SOURCE MATERIAL >>
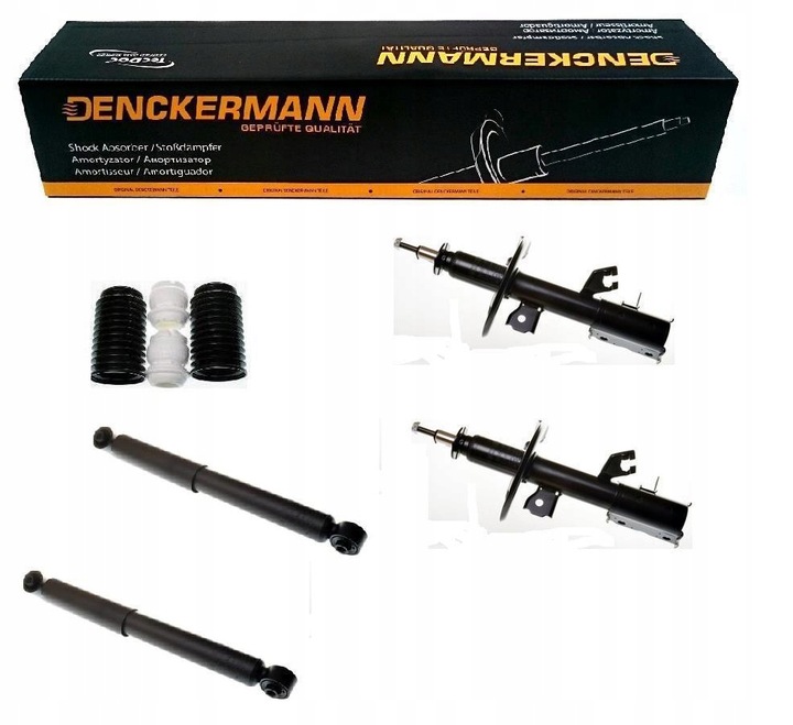 KOMPLET AMORTYZATORÓW GAZOWYCH RAZEM Z OSŁONAMI I ODBOJAMI NA PRZÓD i TYŁ FIRMY DENCKERMANN
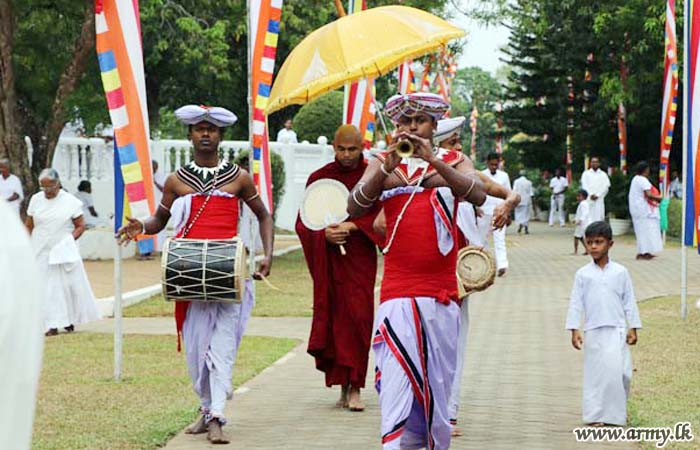The programme consisted of a Bodhi Pooja, preceded by a procession that carried flowers for veneration. Major General Sathyapriya Liyanage, Commander, Security Forces - West on the directions of the Commander of the Army Lieutenant General Mahesh Senanayake launched the project with the support of the Sri Lanka Army Buddhist Association. |
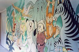 1階奥の通路に描かれたジャングル大帝の壁絵。中レオがカッコよいのです♪
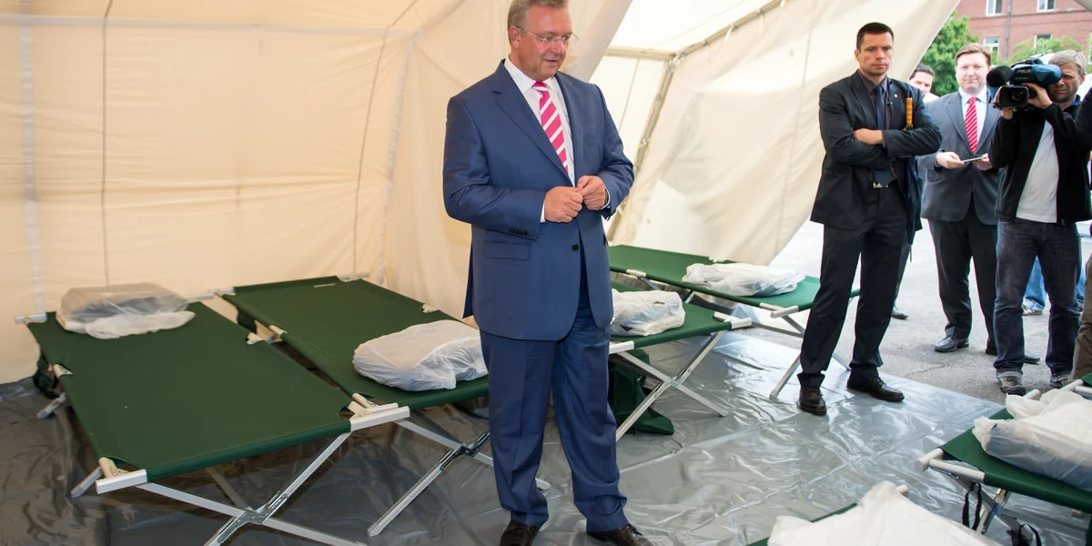 Es sind einwandige weiße Hauszelte mit Lüftungsklappen und grauer Bodenplane, die dort hinter der Schmidt-Knobelsdorf-Kaserne in Spandau stehen, wo tags zuvor nur leerer Asphalt war. 71 sind es, jedes soll zehn jener Flüchtlinge einen Schlafplatz bieten, die in den nächsten Tagen in Berlin erwartet werden. Wann genau das passiert, weiß noch keiner an diesem Donnerstagmorgen, als Innensenator Frank Henkel (CDU) vor Ort ankommt und sich die Notunterkunft anschaut. Er und Regierungschef Michael Müller (SPD) haben die Zeltstadt erst am Mittwochnachmittag als Reaktion auf den absehbaren Zustrom aus Budapest angekündigt und erwägen zudem, auch zwei Hangars des Exflughafens Tempelhof zu nutzen.
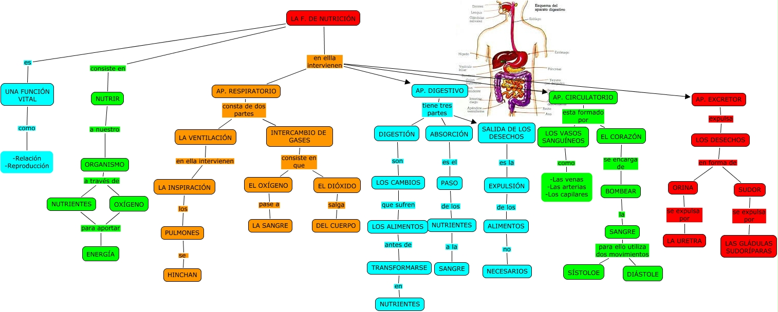 Este Cmap, tiene información relacionada con: LA FUNCIÓN DE NUTRICIÓN-Joaquín, NUTRIENTES para aportar ENERGÍA, EL OXÍGENO pase a LA SANGRE, ABSORCIÓN es el PASO, ORGANISMO a través de OXÍGENO, INTERCAMBIO DE GASES consiste en que EL OXÍGENO, LA INSPIRACIÓN los PULMONES, SANGRE para ello utiliza dos movimientos DIÁSTOLE, EL DIÓXIDO salga DEL CUERPO, LA F. DE NUTRICIÓN en ellla intervienen AP. EXCRETOR, INTERCAMBIO DE GASES consiste en que EL DIÓXIDO, LA F. DE NUTRICIÓN en ellla intervienen AP. DIGESTIVO, UNA FUNCIÓN VITAL como -Relación -Reproducción, LOS DESECHOS en forma de ORINA, AP. CIRCULATORIO esta formado por EL CORAZÓN, LA F. DE NUTRICIÓN en ellla intervienen AP. CIRCULATORIO, DIGESTIÓN son LOS CAMBIOS, AP. DIGESTIVO tiene tres partes ABSORCIÓN, NUTRIR a nuestro ORGANISMO, TRANSFORMARSE en NUTRIENTES, ORGANISMO a través de NUTRIENTES
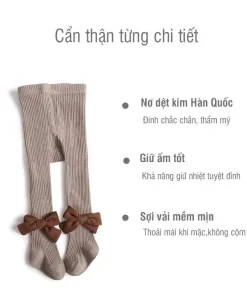 – Quần tất cạp cao, hạn chế gió lùa làm lạnh bụng bé. Cạp quần lưng thun mịn màng, co giãn vữa phải, không gây hằn in vệt đỏ lên da gây tổn thương, làm bé khó chịu khi vận động.

WHAT YOU NEED TO DO >> Provide an exact copy of only the lines from the beginning of the entries through the line containing "Este Cmap, tiene", both ends included, with no pictures.

RESULT FOR THIS EXERCISE >>
 KOMPLET AMORTYZATORÓW GAZOWYCH RAZEM Z OSŁONAMI I ODBOJAMI NA PRZÓD i TYŁ FIRMY DENCKERMANN
The programme consisted of a Bodhi Pooja, preceded by a procession that carried flowers for veneration. Major General Sathyapriya Liyanage, Commander, Security Forces - West on the directions of the Commander of the Army Lieutenant General Mahesh Senanayake launched the project with the support of the Sri Lanka Army Buddhist Association. |
 1階奥の通路に描かれたジャングル大帝の壁絵。中レオがカッコよいのです♪
 Es sind einwandige weiße Hauszelte mit Lüftungsklappen und grauer Bodenplane, die dort hinter der Schmidt-Knobelsdorf-Kaserne in Spandau stehen, wo tags zuvor nur leerer Asphalt war. 71 sind es, jedes soll zehn jener Flüchtlinge einen Schlafplatz bieten, die in den nächsten Tagen in Berlin erwartet werden. Wann genau das passiert, weiß noch keiner an diesem Donnerstagmorgen, als Innensenator Frank Henkel (CDU) vor Ort ankommt und sich die Notunterkunft anschaut. Er und Regierungschef Michael Müller (SPD) haben die Zeltstadt erst am Mittwochnachmittag als Reaktion auf den absehbaren Zustrom aus Budapest angekündigt und erwägen zudem, auch zwei Hangars des Exflughafens Tempelhof zu nutzen.
 Este Cmap, tiene información relacionada con: LA FUNCIÓN DE NUTRICIÓN-Joaquín, NUTRIENTES para aportar ENERGÍA, EL OXÍGENO pase a LA SANGRE, ABSORCIÓN es el PASO, ORGANISMO a través de OXÍGENO, INTERCAMBIO DE GASES consiste en que EL OXÍGENO, LA INSPIRACIÓN los PULMONES, SANGRE para ello utiliza dos movimientos DIÁSTOLE, EL DIÓXIDO salga DEL CUERPO, LA F. DE NUTRICIÓN en ellla intervienen AP. EXCRETOR, INTERCAMBIO DE GASES consiste en que EL DIÓXIDO, LA F. DE NUTRICIÓN en ellla intervienen AP. DIGESTIVO, UNA FUNCIÓN VITAL como -Relación -Reproducción, LOS DESECHOS en forma de ORINA, AP. CIRCULATORIO esta formado por EL CORAZÓN, LA F. DE NUTRICIÓN en ellla intervienen AP. CIRCULATORIO, DIGESTIÓN son LOS CAMBIOS, AP. DIGESTIVO tiene tres partes ABSORCIÓN, NUTRIR a nuestro ORGANISMO, TRANSFORMARSE en NUTRIENTES, ORGANISMO a través de NUTRIENTES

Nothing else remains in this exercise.